Total: 13 files changed, +1182 lines, -18 lines

Commits

28f176d feat(orchestrator): integrate Sherlock with Oracle-first debugging flow
84bea8a feat(sherlock): Oracle-first debugging flow for better system context
7e30d3d feat(sherlock): integrate into Sisyphus delegation with Docker/system boundary support
576e947 feat(sherlock): add Playwright MCP integration for browser debugging
c4c2432 refactor(sisyphus-task): consolidate partial-response parsing logic
2c3ea3a fix(sisyphus-task): guard timeout partial fetch against session errors
901047c update prompt
e49802c feat: update base sherlock
934a7f7 fix(sisyphus-task): surface sync polling timeout with clear error

Testing

bun run typecheck                                    # Clean
bun test src/agents/sherlock.test.ts                 # 15 pass
bun test src/agents/                                 # 52 pass
bun test src/hooks/sisyphus-orchestrator/            # 28 pass (was timing out)
bun test src/features/skill-mcp-manager/env-cleaner.test.ts  # 10 pass

Sherlock Capabilities

Escalation Path

Iteration	Strategy
1-2	Standard hypothesis → instrumentation → analysis
3	Dependency Scan: trace callers/callees, map data flow
4+	System Boundary Analysis: instrument both sides of ORM/DB/API

Docker Debugging Strategies

Container logs (docker logs -f)
Docker exec (interactive debugging)
Volume-mounted logs
Network debugging
Environment inspection

System Boundary Bug Example (Timezone)

User sets: GMT+7 2024-01-15 14:00
Prisma stores: UTC 2024-01-15 07:00 (timezone stripped)
Display shows: 07:00 (wrong!)

Without Oracle: Sherlock wastes 4 iterations on wrong subsystems
With Oracle: "Prisma strips timezone by default" → Sherlock targets ORM immediately

Related Issues

Closes #746

@sherlock

- Add explicit timeout error surfacing for sync polling loop (10 min max) - Add timeout error surfacing for resume polling loop (60s max) - Include session ID and partial response in timeout error message - Properly cleanup toast manager and session state on timeout This fixes the freeze issue where sisyphus_task would hang silently when an agent (like @sherlock) never reached idle status within the timeout period. Now users see a clear error message with debugging info.

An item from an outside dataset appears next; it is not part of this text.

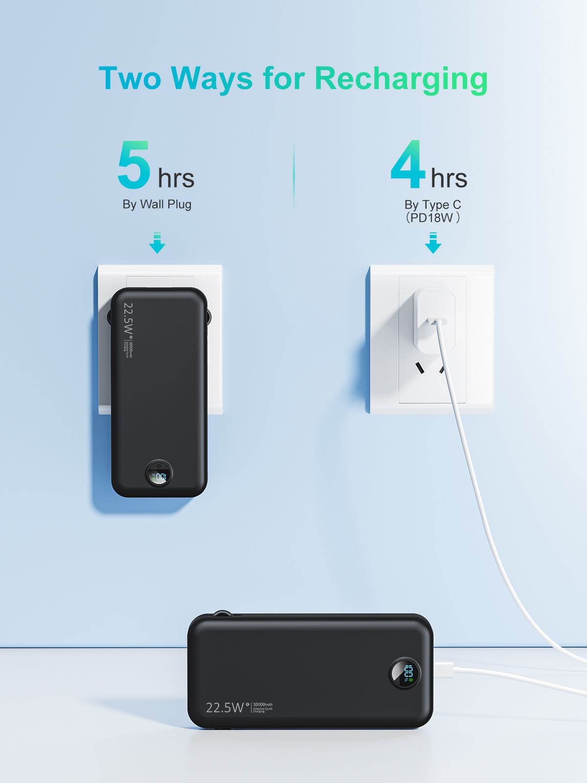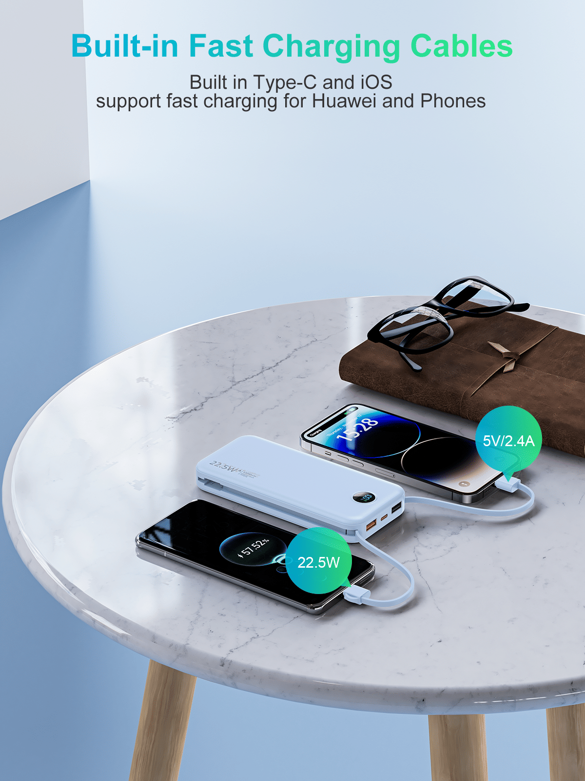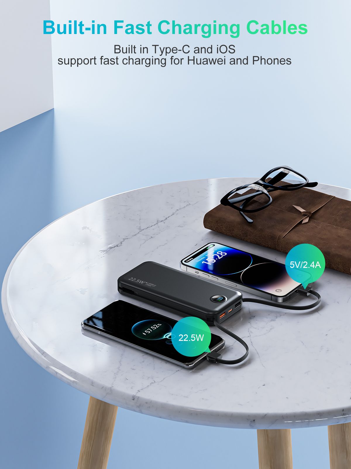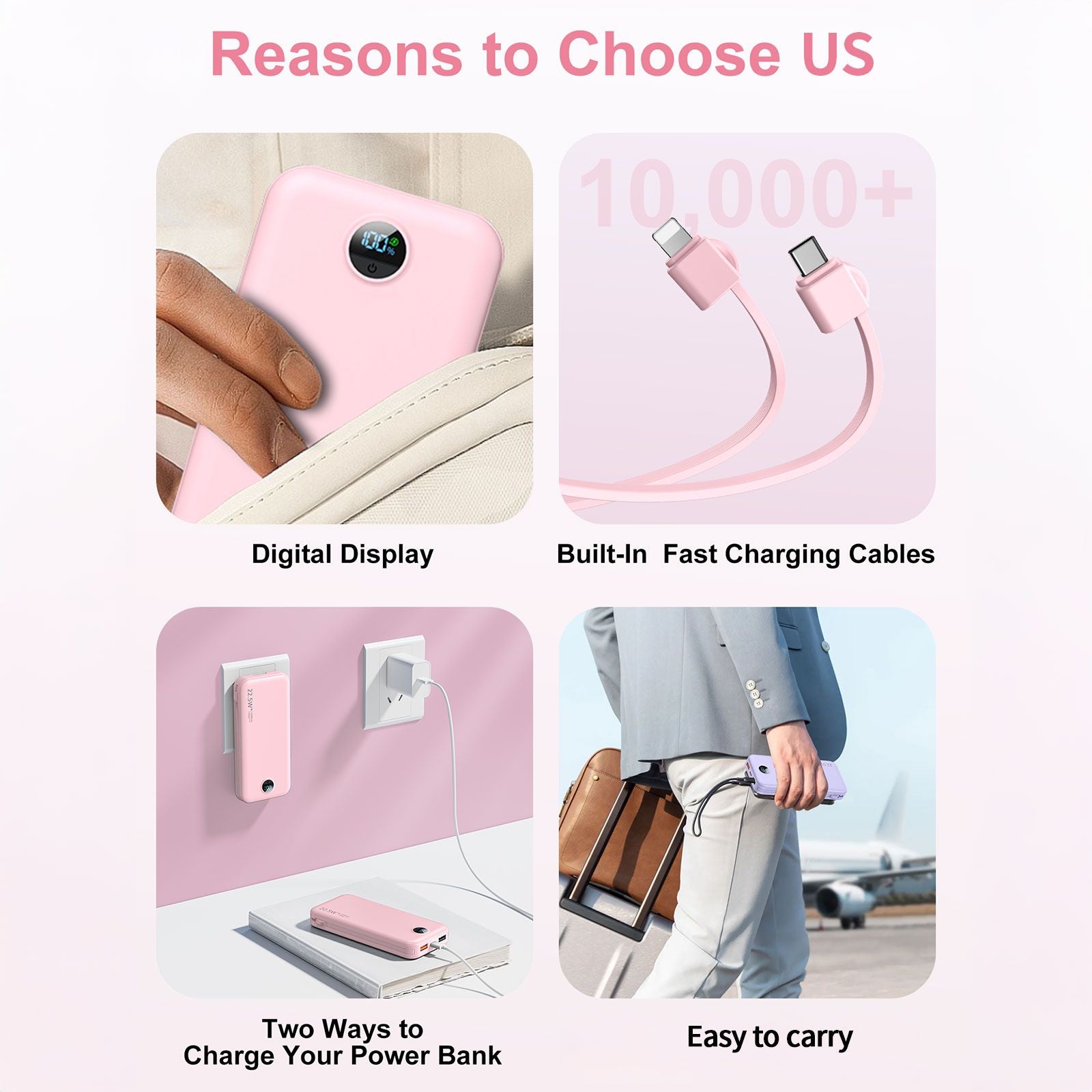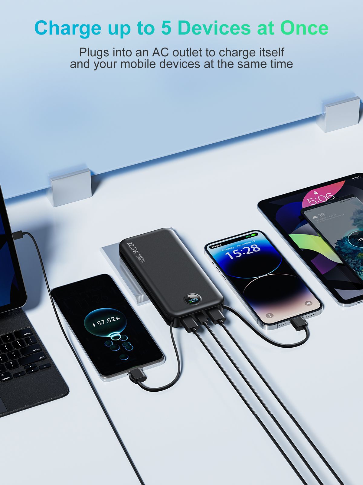 Portable Charger, 12000mAh USB C in Power Bank Fast Charging, LED Display External Battery Pack Phone Charger Compatible with iPhone

github-actions · 2026-01-14T07:41:18Z

All contributors have signed the CLA. Thank you! ✅
_{Posted by the CLA Assistant Lite bot.}

dang232 · 2026-01-14T07:41:50Z

I have read the CLA Document and I hereby sign the CLA

chatgpt-codex-connector

💡 Codex Review

Here are some automated review suggestions for this pull request.

Reviewed commit: 901047cb9d

ℹ️ About Codex in GitHub

Your team has set up Codex to review pull requests in this repo. Reviews are triggered when you

Open a pull request for review
Mark a draft as ready
Comment "@codex review".

If Codex has suggestions, it will comment; otherwise it will react with 👍.

Codex can also answer questions or update the PR. Try commenting "@codex address that feedback".

chatgpt-codex-connector · 2026-01-14T07:44:30Z

src/tools/sisyphus-task/tools.ts

+          const partialMsgs = ((partialResult as { data?: unknown }).data ?? partialResult) as Array<{
+            info?: { role?: string; time?: { created?: number } }
+            parts?: Array<{ type?: string; text?: string }>
+          }>
+          const partialAssistant = partialMsgs


Guard timeout partial fetch against session errors

In the timeout branch you coerce client.session.messages into an array without checking for an error result. If the session is expired or the API call fails, messages() can return an { error: ... } object (as handled later in the function), so partialMsgs is not an array and the subsequent .filter/.sort path will throw, preventing the tool from returning the timeout message. Consider checking partialResult.error or guarding with Array.isArray/try-catch (the same pattern appears in the resume timeout block above).

Useful? React with 👍 / 👎.

Add error and Array.isArray checks before processing partial messages in both resume and task timeout handlers. Previously, if the session was expired or the API call failed, client.session.messages() could return an { error: ... } object instead of an array, causing .filter() to throw and preventing the timeout message from being returned.

cubic-dev-ai

No issues found across 10 files

Confidence score: 5/5

Automated review surfaced no issues in the provided summaries.
No files require special attention.

cubic-dev-ai

1 issue found across 10 files

Confidence score: 4/5

The duplicate partial-response parsing logic in src/tools/sisyphus-task/tools.ts across the timeout branches increases the chance the branches drift out of sync, potentially causing inconsistent parser fixes over time.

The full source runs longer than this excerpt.